Task instructions =>
Give the lines below again, exactly as they stand, and leave out the images.

################

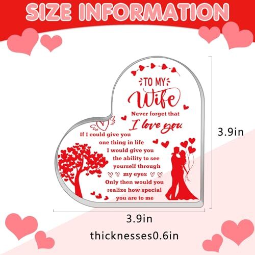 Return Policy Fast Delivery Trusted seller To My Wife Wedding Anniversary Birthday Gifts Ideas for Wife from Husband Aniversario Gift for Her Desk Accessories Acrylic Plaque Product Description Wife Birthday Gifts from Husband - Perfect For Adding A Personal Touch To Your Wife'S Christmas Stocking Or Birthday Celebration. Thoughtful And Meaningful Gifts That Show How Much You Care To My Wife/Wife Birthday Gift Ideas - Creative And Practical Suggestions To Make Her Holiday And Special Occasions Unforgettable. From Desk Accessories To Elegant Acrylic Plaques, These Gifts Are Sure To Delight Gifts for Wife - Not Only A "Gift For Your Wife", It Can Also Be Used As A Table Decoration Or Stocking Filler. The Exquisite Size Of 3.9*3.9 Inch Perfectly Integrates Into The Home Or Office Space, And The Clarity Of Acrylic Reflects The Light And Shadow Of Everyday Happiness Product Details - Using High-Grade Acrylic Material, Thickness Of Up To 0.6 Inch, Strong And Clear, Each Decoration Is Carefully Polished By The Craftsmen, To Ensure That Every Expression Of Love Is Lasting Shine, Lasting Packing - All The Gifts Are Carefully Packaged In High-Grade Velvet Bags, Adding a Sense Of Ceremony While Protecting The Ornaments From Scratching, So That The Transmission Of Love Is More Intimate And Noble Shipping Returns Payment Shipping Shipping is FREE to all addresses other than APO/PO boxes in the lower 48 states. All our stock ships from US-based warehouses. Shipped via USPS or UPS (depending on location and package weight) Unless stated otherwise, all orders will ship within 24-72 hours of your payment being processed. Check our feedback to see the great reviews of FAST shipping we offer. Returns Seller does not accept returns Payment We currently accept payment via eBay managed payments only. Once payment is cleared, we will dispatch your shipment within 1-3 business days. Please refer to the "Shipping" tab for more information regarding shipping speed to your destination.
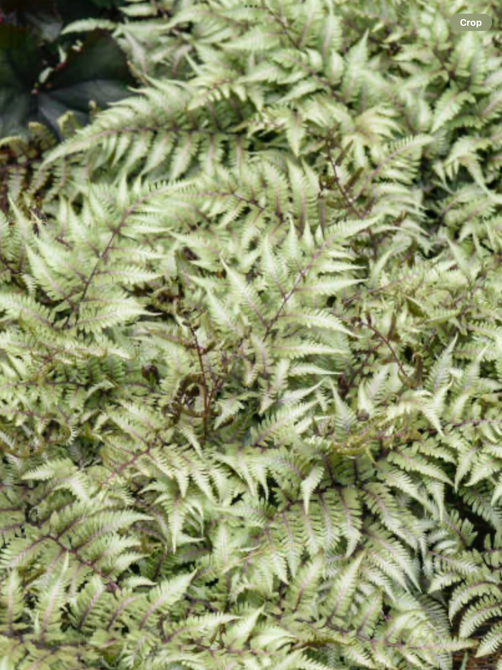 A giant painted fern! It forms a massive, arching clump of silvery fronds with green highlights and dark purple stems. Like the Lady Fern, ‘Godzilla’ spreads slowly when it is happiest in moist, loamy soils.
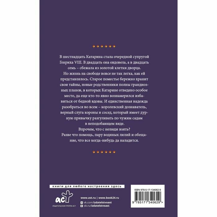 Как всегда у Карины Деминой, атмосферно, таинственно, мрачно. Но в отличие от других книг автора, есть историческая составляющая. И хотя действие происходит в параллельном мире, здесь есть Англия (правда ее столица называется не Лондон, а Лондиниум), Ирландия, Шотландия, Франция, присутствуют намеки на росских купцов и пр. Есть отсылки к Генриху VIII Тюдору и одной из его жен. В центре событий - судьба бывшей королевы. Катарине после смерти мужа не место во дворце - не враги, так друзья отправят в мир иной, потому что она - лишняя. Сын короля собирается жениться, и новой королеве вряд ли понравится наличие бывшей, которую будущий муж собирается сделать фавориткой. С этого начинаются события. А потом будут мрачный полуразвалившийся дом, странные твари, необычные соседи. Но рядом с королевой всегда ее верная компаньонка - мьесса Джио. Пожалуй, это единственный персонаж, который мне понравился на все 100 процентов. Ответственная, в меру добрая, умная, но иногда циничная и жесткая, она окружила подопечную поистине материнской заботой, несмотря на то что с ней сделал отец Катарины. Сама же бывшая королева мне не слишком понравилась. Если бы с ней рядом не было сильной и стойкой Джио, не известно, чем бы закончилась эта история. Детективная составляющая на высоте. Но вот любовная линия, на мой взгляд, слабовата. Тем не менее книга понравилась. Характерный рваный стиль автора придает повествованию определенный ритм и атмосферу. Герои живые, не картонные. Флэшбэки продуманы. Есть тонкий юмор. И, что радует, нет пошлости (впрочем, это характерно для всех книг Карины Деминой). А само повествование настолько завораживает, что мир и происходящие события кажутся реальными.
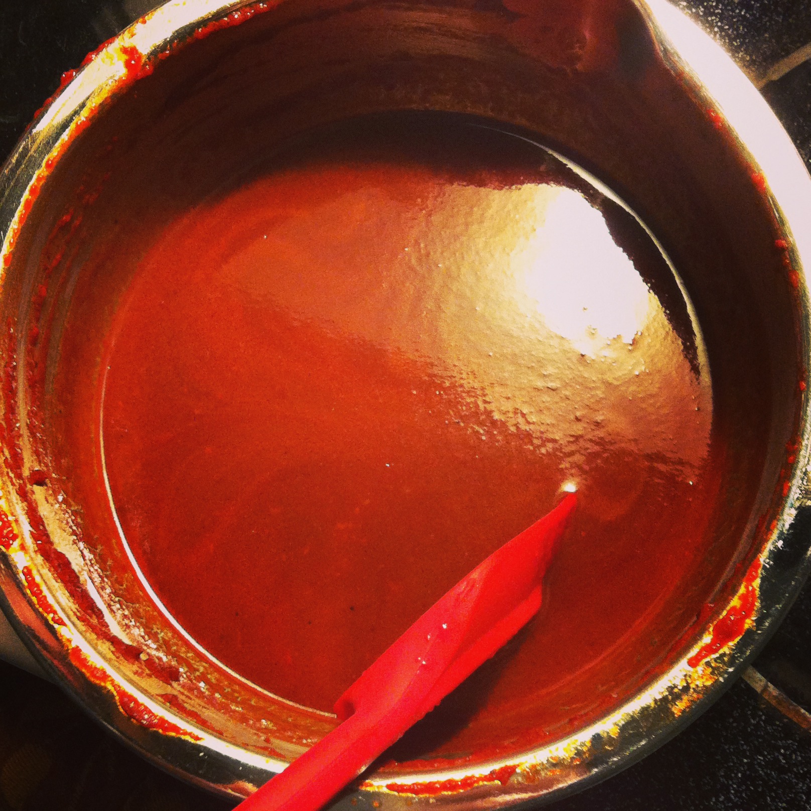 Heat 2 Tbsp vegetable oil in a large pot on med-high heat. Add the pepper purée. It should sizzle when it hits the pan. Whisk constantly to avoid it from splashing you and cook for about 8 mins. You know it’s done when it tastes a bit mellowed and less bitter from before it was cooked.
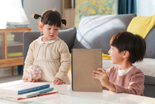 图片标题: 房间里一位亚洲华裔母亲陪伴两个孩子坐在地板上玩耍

################

Written reply =>
 Return Policy Fast Delivery Trusted seller To My Wife Wedding Anniversary Birthday Gifts Ideas for Wife from Husband Aniversario Gift for Her Desk Accessories Acrylic Plaque Product Description Wife Birthday Gifts from Husband - Perfect For Adding A Personal Touch To Your Wife'S Christmas Stocking Or Birthday Celebration. Thoughtful And Meaningful Gifts That Show How Much You Care To My Wife/Wife Birthday Gift Ideas - Creative And Practical Suggestions To Make Her Holiday And Special Occasions Unforgettable. From Desk Accessories To Elegant Acrylic Plaques, These Gifts Are Sure To Delight Gifts for Wife - Not Only A "Gift For Your Wife", It Can Also Be Used As A Table Decoration Or Stocking Filler. The Exquisite Size Of 3.9*3.9 Inch Perfectly Integrates Into The Home Or Office Space, And The Clarity Of Acrylic Reflects The Light And Shadow Of Everyday Happiness Product Details - Using High-Grade Acrylic Material, Thickness Of Up To 0.6 Inch, Strong And Clear, Each Decoration Is Carefully Polished By The Craftsmen, To Ensure That Every Expression Of Love Is Lasting Shine, Lasting Packing - All The Gifts Are Carefully Packaged In High-Grade Velvet Bags, Adding a Sense Of Ceremony While Protecting The Ornaments From Scratching, So That The Transmission Of Love Is More Intimate And Noble Shipping Returns Payment Shipping Shipping is FREE to all addresses other than APO/PO boxes in the lower 48 states. All our stock ships from US-based warehouses. Shipped via USPS or UPS (depending on location and package weight) Unless stated otherwise, all orders will ship within 24-72 hours of your payment being processed. Check our feedback to see the great reviews of FAST shipping we offer. Returns Seller does not accept returns Payment We currently accept payment via eBay managed payments only. Once payment is cleared, we will dispatch your shipment within 1-3 business days. Please refer to the "Shipping" tab for more information regarding shipping speed to your destination.
 A giant painted fern! It forms a massive, arching clump of silvery fronds with green highlights and dark purple stems. Like the Lady Fern, ‘Godzilla’ spreads slowly when it is happiest in moist, loamy soils.
 Как всегда у Карины Деминой, атмосферно, таинственно, мрачно. Но в отличие от других книг автора, есть историческая составляющая. И хотя действие происходит в параллельном мире, здесь есть Англия (правда ее столица называется не Лондон, а Лондиниум), Ирландия, Шотландия, Франция, присутствуют намеки на росских купцов и пр. Есть отсылки к Генриху VIII Тюдору и одной из его жен. В центре событий - судьба бывшей королевы. Катарине после смерти мужа не место во дворце - не враги, так друзья отправят в мир иной, потому что она - лишняя. Сын короля собирается жениться, и новой королеве вряд ли понравится наличие бывшей, которую будущий муж собирается сделать фавориткой. С этого начинаются события. А потом будут мрачный полуразвалившийся дом, странные твари, необычные соседи. Но рядом с королевой всегда ее верная компаньонка - мьесса Джио. Пожалуй, это единственный персонаж, который мне понравился на все 100 процентов. Ответственная, в меру добрая, умная, но иногда циничная и жесткая, она окружила подопечную поистине материнской заботой, несмотря на то что с ней сделал отец Катарины. Сама же бывшая королева мне не слишком понравилась. Если бы с ней рядом не было сильной и стойкой Джио, не известно, чем бы закончилась эта история. Детективная составляющая на высоте. Но вот любовная линия, на мой взгляд, слабовата. Тем не менее книга понравилась. Характерный рваный стиль автора придает повествованию определенный ритм и атмосферу. Герои живые, не картонные. Флэшбэки продуманы. Есть тонкий юмор. И, что радует, нет пошлости (впрочем, это характерно для всех книг Карины Деминой). А само повествование настолько завораживает, что мир и происходящие события кажутся реальными.
 Heat 2 Tbsp vegetable oil in a large pot on med-high heat. Add the pepper purée. It should sizzle when it hits the pan. Whisk constantly to avoid it from splashing you and cook for about 8 mins. You know it’s done when it tastes a bit mellowed and less bitter from before it was cooked.
 图片标题: 房间里一位亚洲华裔母亲陪伴两个孩子坐在地板上玩耍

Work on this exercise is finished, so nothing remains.